4. Compliance with by-laws. Each subchapter shall comply with the MAG by-laws as described herein.

ARTICLE XV: INDEMNIFICATION

1. Indemnification of Directors and Officers. The University shall to the fullest extent possible under applicable law, indemnify any person who was or is a party or is threatened to be made a party to any threatened, pending or completed action, suit or proceeding, whether civil, criminal, administrative or investigative, by reason of the fact that he or she is or was a Director or Officer of the MAG, including a Director or Officer of any regional subchapter, against all judgments, fines, reasonable expenses (including attorneys’ fees) and amounts paid in settlement actually and reasonably incurred by such person in connection with such action, suit or proceeding.

2. Contract with University. These MAG by-laws comprise a binding enforceable contract between the University and each MAG Director or Officer who serves in any capacity at any time while these bylaws are in effect. These Directors and Officers shall include those of international and regional subchapters who comply with the conditions for subchapters recited within these by-laws. Repeal or modification of this Article XV shall not affect any rights or obligations with respect to any occurrences existing prior to this repeal or modification, or any action, suit or proceeding subsequently brought or threatened based in whole or in part upon such previously existing occurrence.

3. Payment of Expenses in Advance.
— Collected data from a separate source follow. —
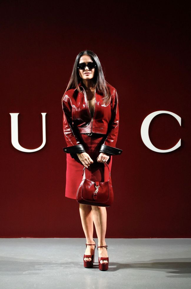V Miláně zase upoutal pozornost červený kostýmek v podání hollywoodské hvězdy s mexickými kořeny Salmy Hayekové.
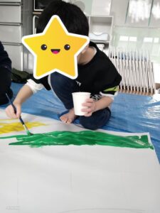 この日は絵の具を使って大きな模造紙にみんなで1つの虹を描きました🌈
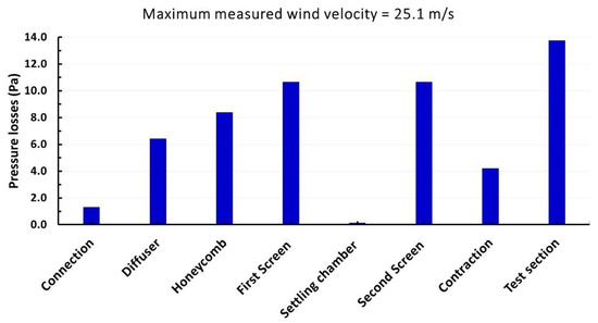 Wind tunnel component pressure losses for the maximum measured wind velocity (25.1 m/s).

Expenses incurred in defending a civil or criminal action, suit or proceeding may be paid by the University in advance of the final disposition of such action, suit or proceeding, upon receipt of an undertaking by or on behalf of the Director or Officer to repay such amount, unless it shall ultimately be determined that such Director or Officer is entitled to be indemnified by the University as authorized by this Article XV.

4. Insurance against Liability. The MAG may purchase and maintain insurance on behalf of any person who is or was a Director or Officer of the MAG, against any liability asserted against such person and incurred by such person in any such capacity, or arising out of such person’s status as such, whether or not the MAG would have the power to indemnify such person against such liability under the provisions of these by-laws. Such insurance, if any, would be in addition to the coverage provided to Directors and Officers under the University’s policy.

5. Other Rights of Indemnification. The indemnification provided or permitted by this Article XV shall not be deemed exclusive of any other rights to which those indemnified may be entitled by law or otherwise, and shall continue as to a person who has ceased to be a Director or Officer and shall inure to the benefit of the heirs, executor and administrators of such person, but only with respect to a person who has ceased to be a Director or Officer and shall inure to the benefit of the heirs, executor and administrators of such person, but only with respect to conduct occurring while serving or in connection with such person’s service as a Director or Officer hereunder.

ARTICLE XVI: OTHER PROVISIONS

1. Contracts. The Board may authorize any one or more officers of the MAG to enter into any contract or execute and deliver any instrument in the name of and on behalf of the MAG, but such authority shall be confined to specific instances.2. Fiscal Year. For accounting and related purposes the fiscal year of the MAG shall begin on the first day of July and end on the last day of June in each year.3. Notification. Notices required or permitted by these by-laws, including mandatory notices of special and standing committees may be given by telephone, personal service, written communication, electronic mail or U.S. postal mail directed to the intended person at the address appearing on the MAG records.